The grey gentleman looked across the room at a large painting of a girl in a white dress skipping with a rope of roses.
"Please, sir," said young Charles, "I think that is Mrs. Lovely."
"It was, boy; it was."
"I wish I had known her then," said Charles.
"Is your name George, boy?" inquired the grey gentleman in a tone that was half eager.
"No, sir, 'tis Charles--after the Prince of Wales."
"A Papist, eh?" said the grey gentleman bitterly.
"George was too honest a name for that scoundrel. Well, boy, you can stay."
"Please, sir, I'd rather go back to my father," said the boy. "He's waiting for me."

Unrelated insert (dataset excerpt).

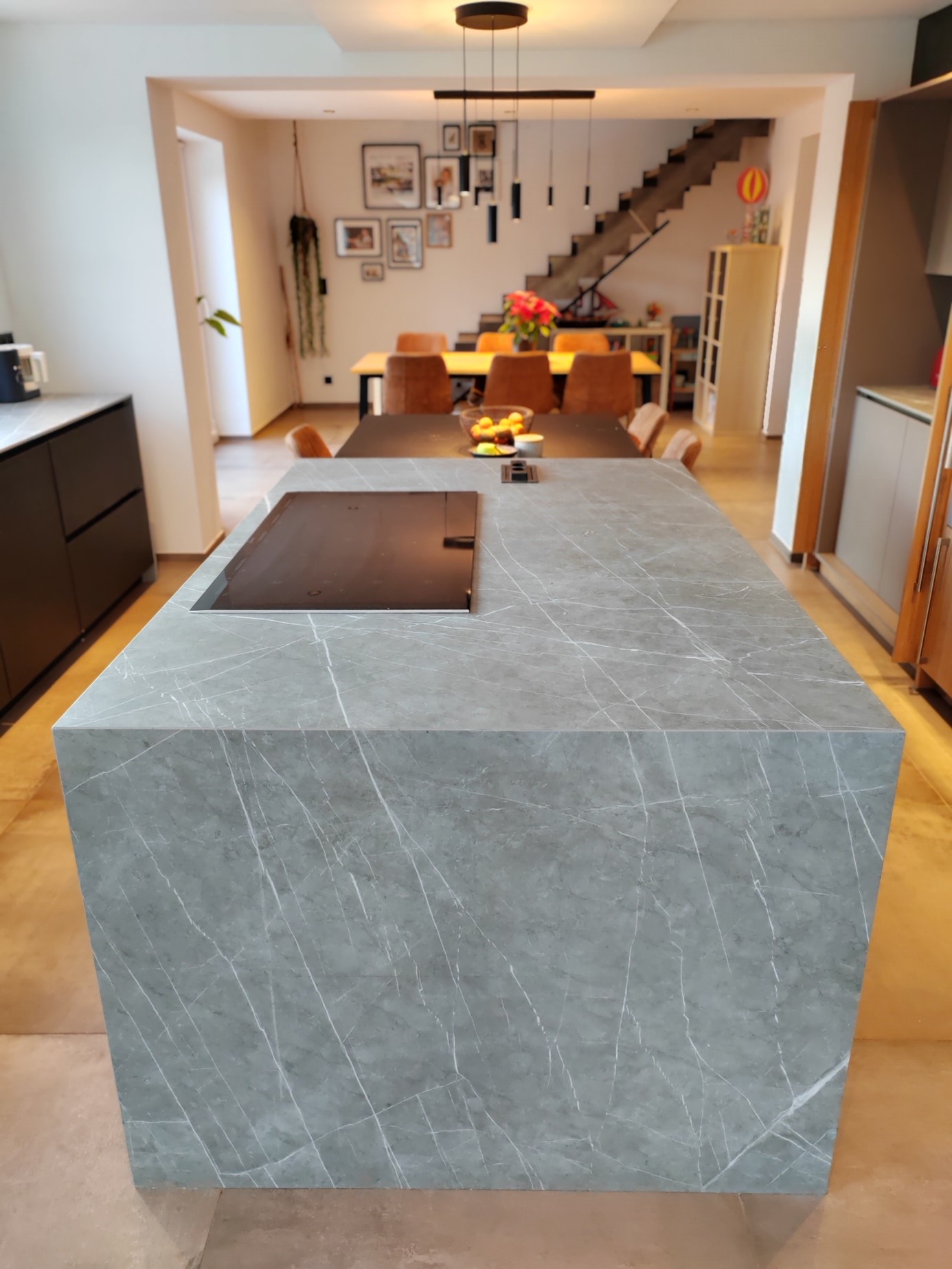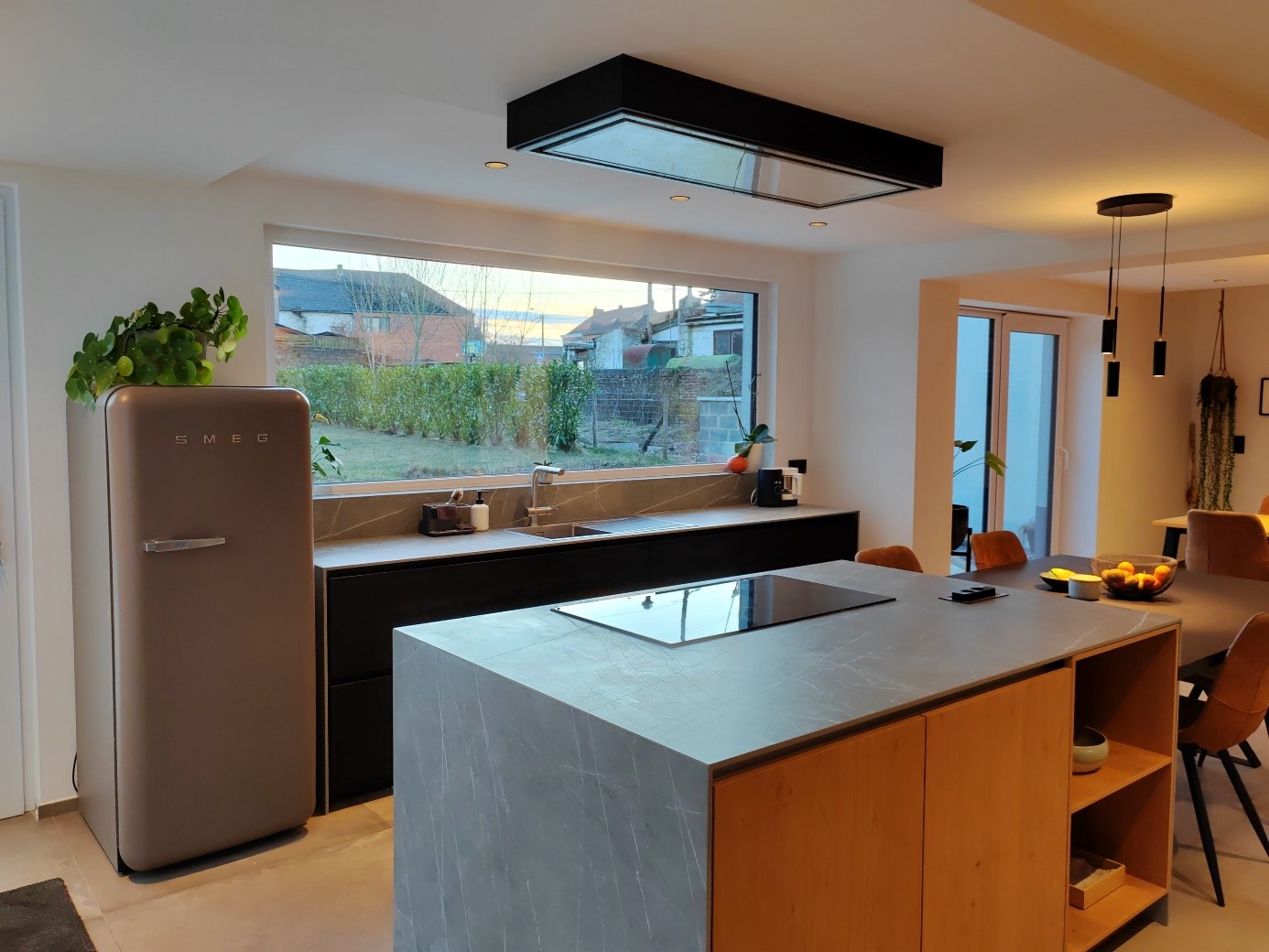 Découvrez cette très belle réalisation de cuisine avec des façades en bois foncé et un plan de travail en céramique effet marbre dans le Namurois

"Then go and be d----d," said the grey gentleman, and he walked over to the window.
Poor little Charles was left standing alone in the big room. He waited a moment, but as the grey gentleman did not turn his head, he edged his way towards the great door. When he reached it, he looked round at his uncle. The latter was still staring out of the window. The child gave a puzzled sigh and with both hands succeeded in turning the handle. The clocks seemed to tick very loudly as he breathlessly closed the door and set out to descend the wide staircase. The canary-coloured gentlemen having vanished he could hold on to the balustrade with both hands without shame. As he crossed the green sunlit lawn, a blackbird flew into the shrubbery with a shrill note of alarm.
Then he was in the chariot with his father, and this time he was really fast asleep.
And now he was boy and man at once. The picture of the girl with roses became his mother as he had known her, pale and sad. Then it would change and become Miss Phyllida Courteen, strangely like his mother; and sometimes the Queen of Diamonds would be mopping and mowing in a frame of golden Georges.
At last these many dancing visions forsook his brain, and he slept a dreamless sleep, not waking until high noon of a wet and gusty day. When he reached the coffee-room, he found Mr. Francis Vernon perusing the latest edition of Mr. Hoyle, and as the weather was dirty, agreed to give Mr. Francis Vernon his revenge.
This favour was accorded in the handsomest manner possible and when, late in the afternoon, the young gentlemen all returned from hunting, Mr. Charles Lovely owed Mr. Francis Vernon rather more than he could very easily pay.
No doubt the latter's success is to be ascribed to his opportune purchase of the latest edition of Mr. Hoyle.
_Chapter the Twelfth_
WET DAYS
If cards are the devil's playthings, wet days are certainly his select playtime; and all the days before the Chinese Masquerade were very wet indeed. The Exquisite Mob returned from the Pump Room remarkably depressed in spirit. The forenoons passed away in the coffee-houses and the shops, but in the afternoons when it was wont to exercise itself and air its modes the stuffy parlours of Curtain Wells became vastly tiresome.
The result was that all the young gentlemen played very hard and very deep and very late, and Mr. Charles Lovely hardest, deepest, and latest of all. The old gentlemen all found their gout teazed them more lamentably. Even Beau Ripple grew tired of reading the Epodes of Horace and the Letters of Tully to his grey Angora cat. The ladies played Quadrille and talked scandal, while some of them, I grieve to say, supplied a foundation for much of the gossip.